Под огнем критики демократического движения руководство Монгольской народно-революционной партии вынуждено было сложить свои полномочия и срочно переизбрать всю правящую верхушку. Сегодня, в 1990 году, в рядах демократов — молодой 28-летний Санжасурэнгийн Зориг
[132], генеральный координатор Монгольского Демократического Союза. Именно он, свой деятельностью как бы олицетворяя справедливый гнев монгольского народа, заставил признать недействительными все награды, которыми осыпали себя Цеденбал с супругою, лишить их дворца, который тот построил себе под Москвой на народные деньги.
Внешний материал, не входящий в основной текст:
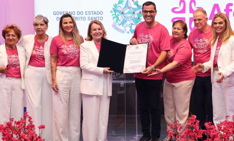 O deputado Dr. Bruno Resende, presidente da Comissão de Saúde da Assembleia Legislativa, entregou à Afecc – Associação Feminina de Educação e Combate ao Câncer a Lei 12.538/25, de sua autoria, que declara de utilidade pública essa instituição. A lei foi entregue à presidente da Afecc, Marilucia Dalla, na abertura da campanha Outubro Rosa, no Palácio Anchieta, nesta quarta-feira (01), às 18h, na presença do governador Renato Casagrande e de demais autoridades e representantes da sociedade civil que compareceram à solenidade.

И я с чувством законной гордости признаю в нем свою ближайшую родню, так как Зориг является внуком моего покойного брата, Андрея Дмитриевича Симукова, и, следовательно, моим внучатым племянником.Я рад, что Зориг, выпускник философского факультета Московского университета, несет дальше по жизни идеалы своего деда, ведет непримиримую войну против всех тех, кто в Монголии, так же как и в России, виновен и за безвинную гибель лучших людей обеих стран.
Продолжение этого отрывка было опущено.